# Welche Sitzkiepe?



## Patrick S. (23. Januar 2009)

Hallo Kameraden, 

da ich keine Lust mehr habe, einen Stuhl und viele Koffer zum Wasser zu tragen habe ich vor mir eine Sitzkiepe zuzulegen.

Nun habe ich aber davon so gar keine Ahnung. Klar, man sieht in Kataloge viele aber welche kaufen und worauf soll ich achten?

Als Preis dachte ich so um die 80 Euro.

Diese wollte ich zum Stippen, Feedern oder/und zum Forellenfischen mitnehmen.

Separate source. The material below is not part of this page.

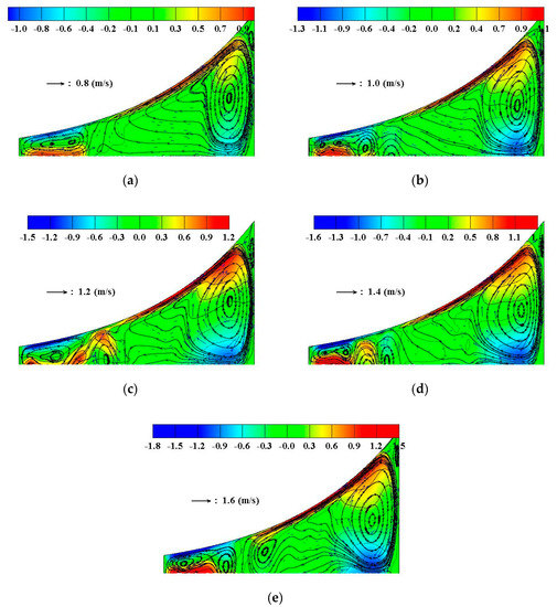 Figure 8 and Figure 9 indicate that the DC flow is very sensitive to the intensity of the flow field because the pressure differential, wave amplitude, and the corresponding vortex propagation speed are different. Here, a detailed analysis is given for Case E, with large driving amplitudes. The instantaneous velocity distributions at eight different instants (, and ) during one cycle, along with the streamlines, are shown in Figure 10; the whole flow fields are depicted in the figure for better flow visualization.

Recht herzlichen Dank für eure Antworten.:m


----------



## Tricast (23. Januar 2009)

*AW: Welche Sitzkiepe?*

Mit 80,-€ bist Du aber sehr eingeschränkt. Wenn schon, denn schon; ich würde mir dann eine kaufen mit Fußpodest und Transportsystem. Es gibt schon sehr interessante Angebote die da in frage kommen würden wie z.B. die Kiepen von JVS oder Preston, die Q-Box und so weiter. Schaue doch mal bei Angeldomäne Beverungen oder Askari rein was die so anbieten. Wenn Du viel in der Steinpackung sitzt sollte die Kiepe entsprechend stabil sein. Sonst gibt es Kiepen in jeder Art in augenschein zu nehmen am 1.März in Bremen.

Gruß Heinz


----------



## Patrick S. (23. Januar 2009)

*AW: Welche Sitzkiepe?*

80 Euro habe ich auch nur gesagt weil ich halt einige in dieser Preisklasse gesehen hatte. Wenn sie teurer werden sollte habe ich da auch nicht wirklich ein Problem mit, deswegen habe ich ja diesen Fred eröffnet.

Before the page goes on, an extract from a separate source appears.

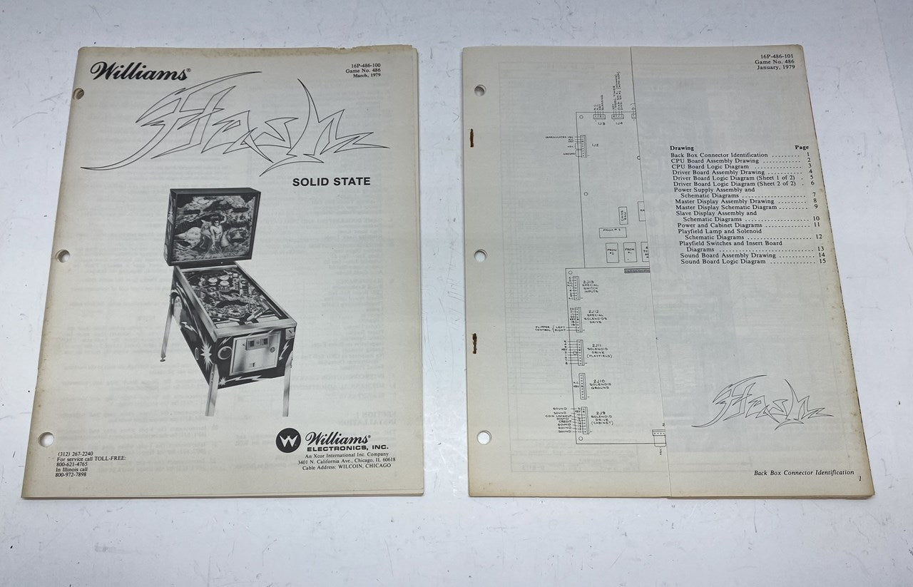 Original Williams Flash Solid State pinball manual in used condition with some wear. Includes game operation, game adjustments, bookkeeping and maintenance information. Also includes the original schematic package.

Aber danke schonmal für den Tip.


----------



## der Nachwuchs (23. Januar 2009)

*AW: Welche Sitzkiepe?*

kommt auch etwas drauf an, ob die sitzkiepe platro und so haben soll!! wenn sie das besitzen soll solltest du schon so mit mind. 250 € rechnen! wenn du einfach nur eine brauchst , um viel stauraum zu haben, reicht eine für 80€ ,.. ich würde mal bei raven gucken!!! (www.raven.nl)


----------



## nosn (23. Januar 2009)

*AW: Welche Sitzkiepe?*

hallo also ich hab die q-box und kann sie auch nur empfehlen!!! mein freund hat eine milo das ist hald eine andre klasse!!meine ist mit podest und hat 300 gekostet!! und für 80 euro weis ich nicht welche sitzkiepe gesehen hast. du musst dir hald mal ansehen welche anbauteile es für die verschiedenen kiepen gibt!
und welche beindurchmesser deine gewünschte kiepe hat.ich hab 25mm und kann von sämtlichen herstellern die teile anbauen!!
mfg alex


----------



## gründler (23. Januar 2009)

*AW: Welche Sitzkiepe?*

hi
Ganz ehrlich fahr am 1.3.2009 nach Bremen zur Stippermesse,da kannst du mehr als genug Kiepen testen anschauen aufklappen vergleichen etc.von allen Namenhaften Herstellern,und dann kannst du dir dein Favorit rauspicken.Und wenn du glück hast noch nen Schnäppchen schießen.
Auf die 4 Wochen kommt es jetzt auch nicht mehr an,und soviele verschiedene Kiepen auf einen Haufen"Messe" findest sonst nirgens,und alle direkt zum Anfassen usw.
Ist nur nen guter Ratschlag. 
lg


----------



## Brassen007 (23. Januar 2009)

*AW: Welche Sitzkiepe?*

Es geht nichts über RIVE 
Ich finde sie klasse. Und da gibts auch was in der preisklasse.


----------



## Thorben93 (23. Januar 2009)

*AW: Welche Sitzkiepe?*

Wie wäre ist mit dieser hier :
http://shop.angler-bedarf.de/Taschen-u-Futterale/Taschen/Anaconda/ANACONDA-Hill-Chest::842.html


----------



## der Nachwuchs (24. Januar 2009)

*AW: Welche Sitzkiepe?*

@ thorben, ja sowas ähnliches meine ich auch, es muss ja keine kiepemit beinen sein, wenns nur um stauraujm geht, reichen auch die "billgen versionen" .. die dinger gibs auch aus alu!!!. 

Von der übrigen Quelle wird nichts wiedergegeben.